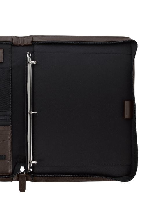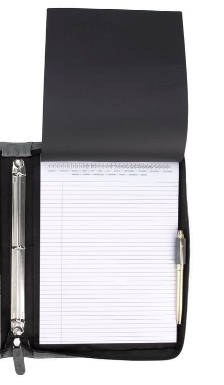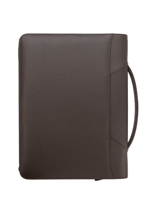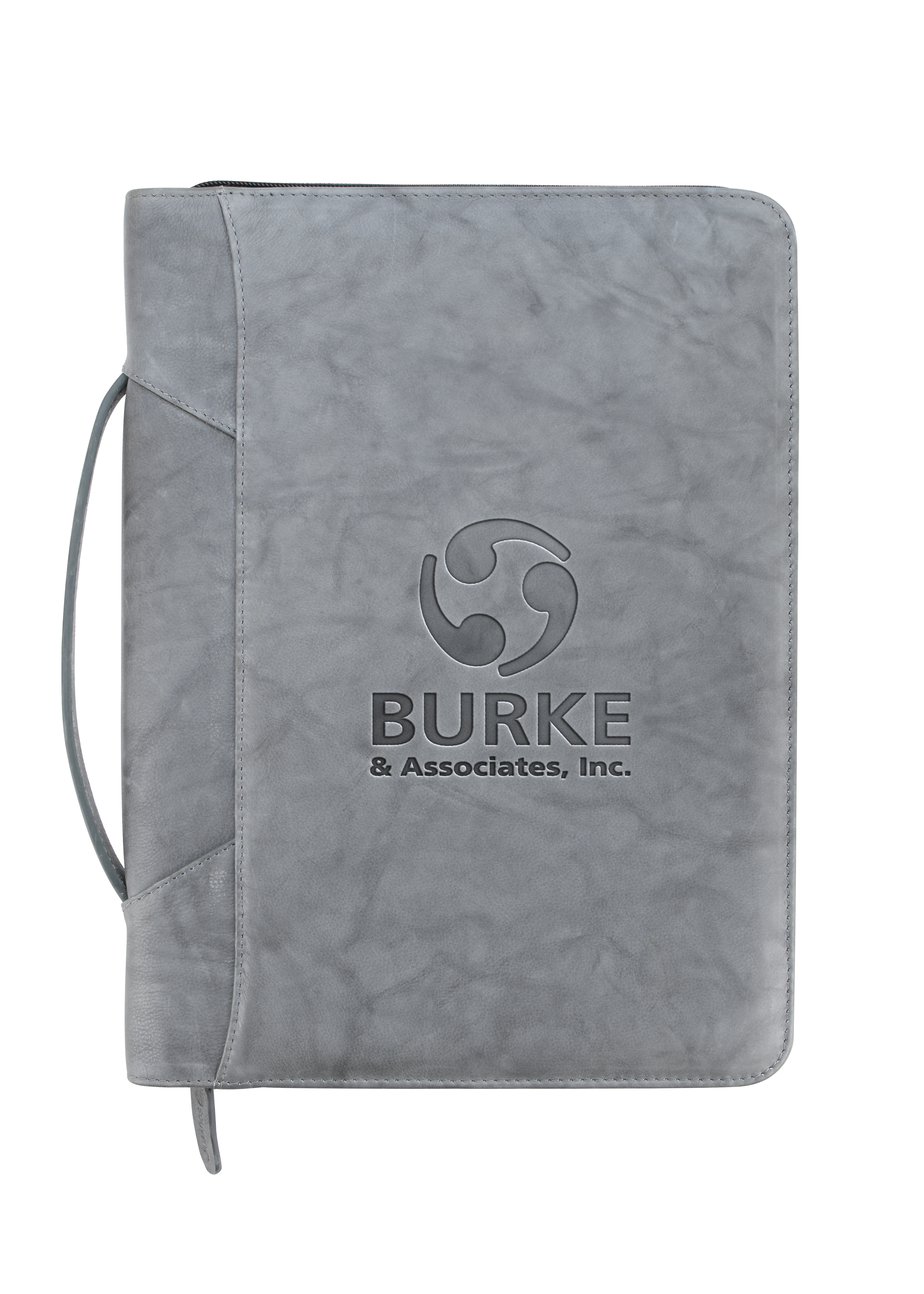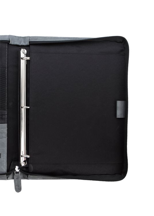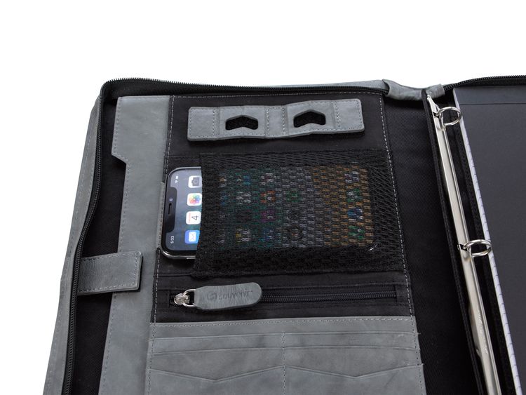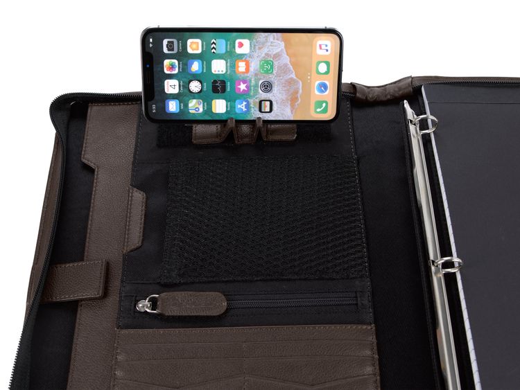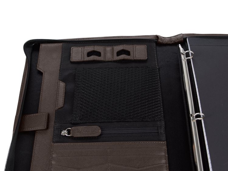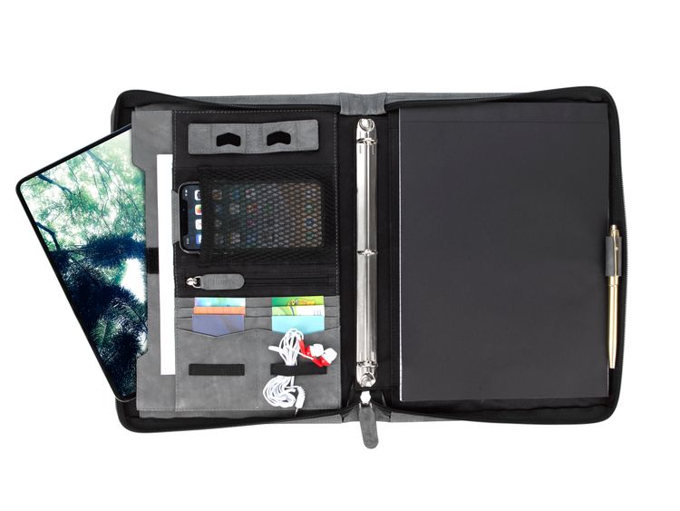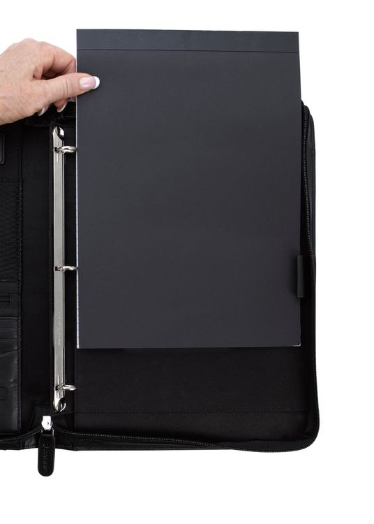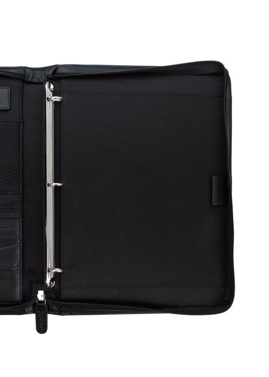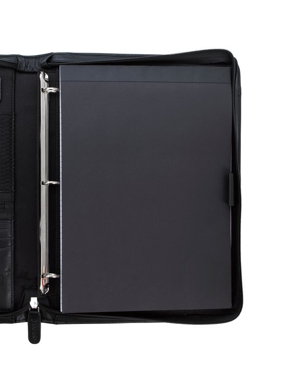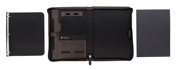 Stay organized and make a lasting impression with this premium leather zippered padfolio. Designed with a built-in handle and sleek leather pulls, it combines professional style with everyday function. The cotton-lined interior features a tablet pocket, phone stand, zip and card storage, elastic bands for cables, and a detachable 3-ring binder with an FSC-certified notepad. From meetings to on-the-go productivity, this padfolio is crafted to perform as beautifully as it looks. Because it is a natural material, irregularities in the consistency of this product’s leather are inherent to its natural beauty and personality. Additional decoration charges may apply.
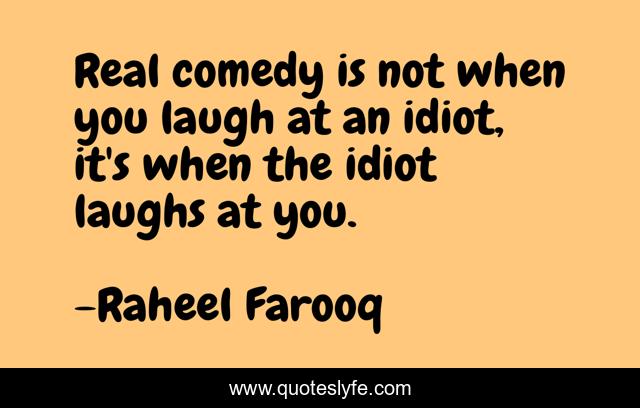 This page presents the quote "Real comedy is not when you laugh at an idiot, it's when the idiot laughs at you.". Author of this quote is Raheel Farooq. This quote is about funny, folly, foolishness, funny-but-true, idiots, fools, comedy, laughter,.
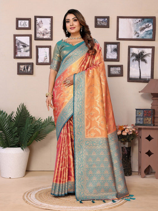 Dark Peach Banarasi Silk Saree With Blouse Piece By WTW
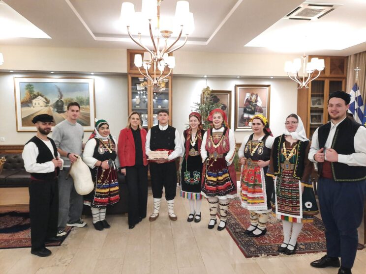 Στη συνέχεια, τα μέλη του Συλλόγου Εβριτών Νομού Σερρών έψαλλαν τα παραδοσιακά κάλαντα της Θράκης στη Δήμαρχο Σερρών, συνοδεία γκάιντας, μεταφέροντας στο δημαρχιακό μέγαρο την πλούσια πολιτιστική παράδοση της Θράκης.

§ Instructions for the task
Please copy the lines above exactly, starting at the line that holds "This page presents" and ending at the line that holds "Dark Peach Banarasi"; include both, but no pictures.

§ The answer
 This page presents the quote "Real comedy is not when you laugh at an idiot, it's when the idiot laughs at you.". Author of this quote is Raheel Farooq. This quote is about funny, folly, foolishness, funny-but-true, idiots, fools, comedy, laughter,.
 Dark Peach Banarasi Silk Saree With Blouse Piece By WTW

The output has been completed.